Road Geometry Mapping: Balancing between GPS Traces and Imagery Alignment

I haven’t come across any comprehensive documentation detailing the precise mapping guidelines for road geometry. Therefore, I would greatly appreciate any input or feedback on this matter.

This message is in continuation of the discussion from: Strava: mapping legal usage - #34 by dieterdreist

In practice, visible roads are often initially mapped using imagery alone, and later adjusted using GPS data if available.

It is widely recognized that GPS accuracy can be limited in areas with dense forest cover or mountainous terrains due to weak signal reception (drifts).

However, relying solely on imagery for alignment poses its own challenges, as it can have inherent offset issues that make it unreliable.

While I haven’t found official statistics, I believe that navigation and routing constitute the primary use-case for OpenStreetMap data. Considering this, I tend to prioritize, in mountainous and remote areas, quality averaged out GPS-traced geometry (e.g. Strava) over imagery alone.

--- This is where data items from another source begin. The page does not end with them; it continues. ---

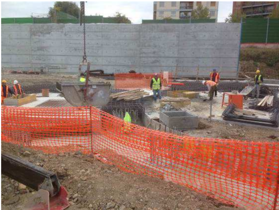
Foto 3 - Posa Armature Fondazione rampa Kiss&Ride
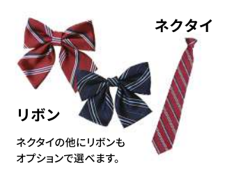
ネクタイ リボン ネクタイの他にリボンも オプションで選べます。
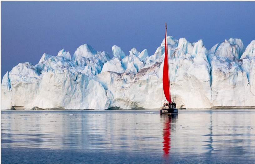
NFFF sølvmedalje ved 4. Nordiske International Cir- cuit, Finland, "Red sail" af Tage Christiansen
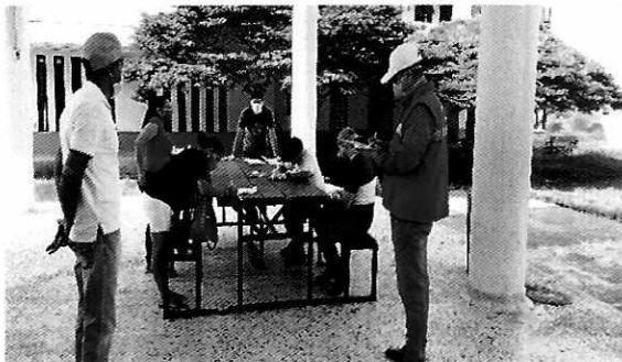
Imagen No. 1 y 2: Visita de verificación a la I.E. Multiproposito y la I.E: José María Carbonell

Para la entrega de los paquetes de alimentación, fue dispuesto un protocolo de bioseguridad, a fin de garantizar la protección y seguridad de las familias y funcionarios. La entrega se realizó desde primeras horas de la mañana. Los padres de familia fueron contactados por funcionarios de las sedes educativas, quienes informaban día y hora de entrega. Durante los primeros días se presentaron algunos inconvenientes con la llegada de las familias y la entrega de los productos, debido a que en la ciudad se había implementado la estrategia de pico y cédula. Se tomaron las acciones respectivas y se facilitó a los padres que pudieran acceder a los establecimientos educativos respectivos.
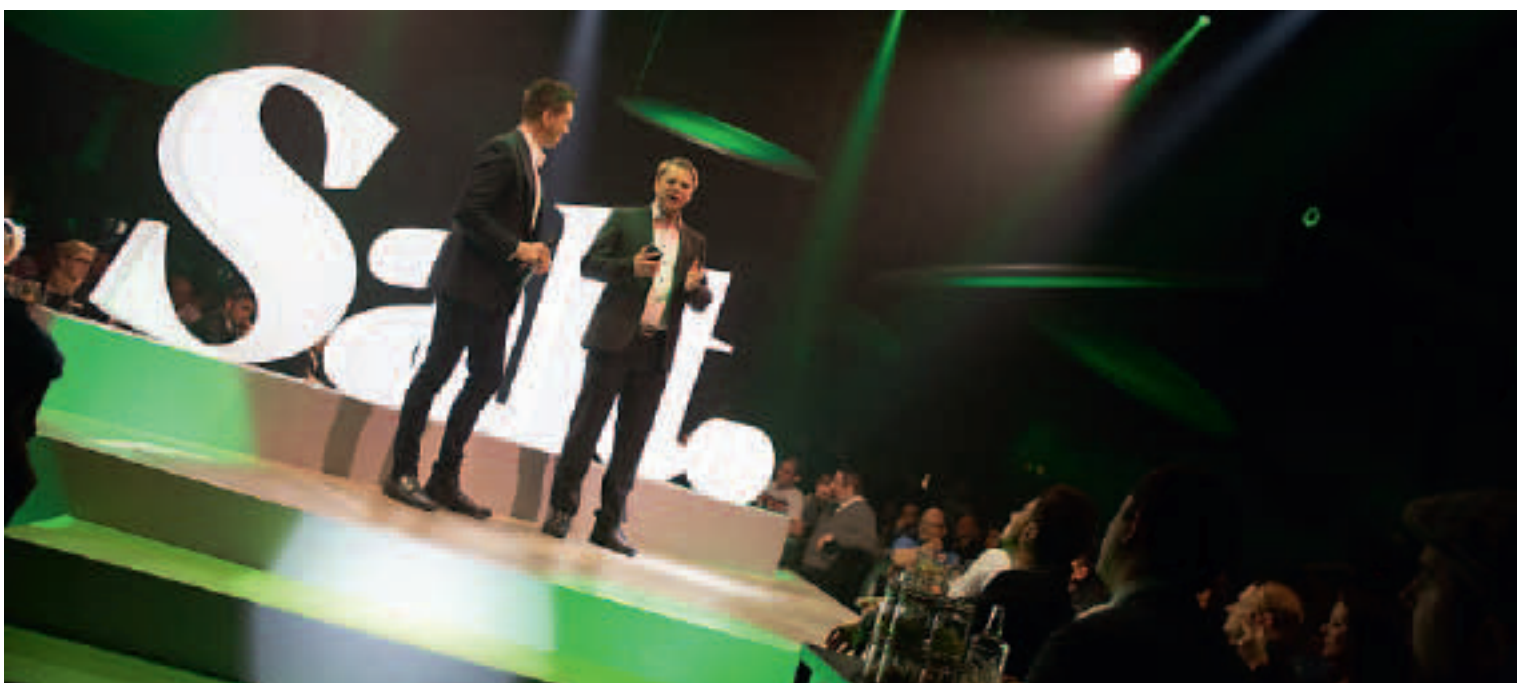
Launch-Event – Orange wird zu Salt. Habegger war als Generalunternehmer während elf Monaten im Einsatz.

Da sich unser Unternehmen immer sehr schnell entwickelt hat und andauernd neue Services dazugekommen sind, war und ist der Anspruch an unsere Mitarbeiterinnen und Mitarbeiter besonders hoch. So musste sich unsere Crew immer wieder an eine neue Organisationsform gewöhnen.

Since satellite imagery is typically not visible to end-users in their applications, the limitations of GPS accuracy may go unnoticed. Conversely, if a road aligns with the imagery but deviates from the averaged GPS traces in an area with known accuracy issues, it may lead to complaints about poor map quality from end-users.

The main drawback of favoring GPS-traced geometry is that mappers may encounter conflicting road alignments that do not match the available imagery. However, it is important to acknowledge that imagery itself may not always represent the ground truth accurately due to offset issues.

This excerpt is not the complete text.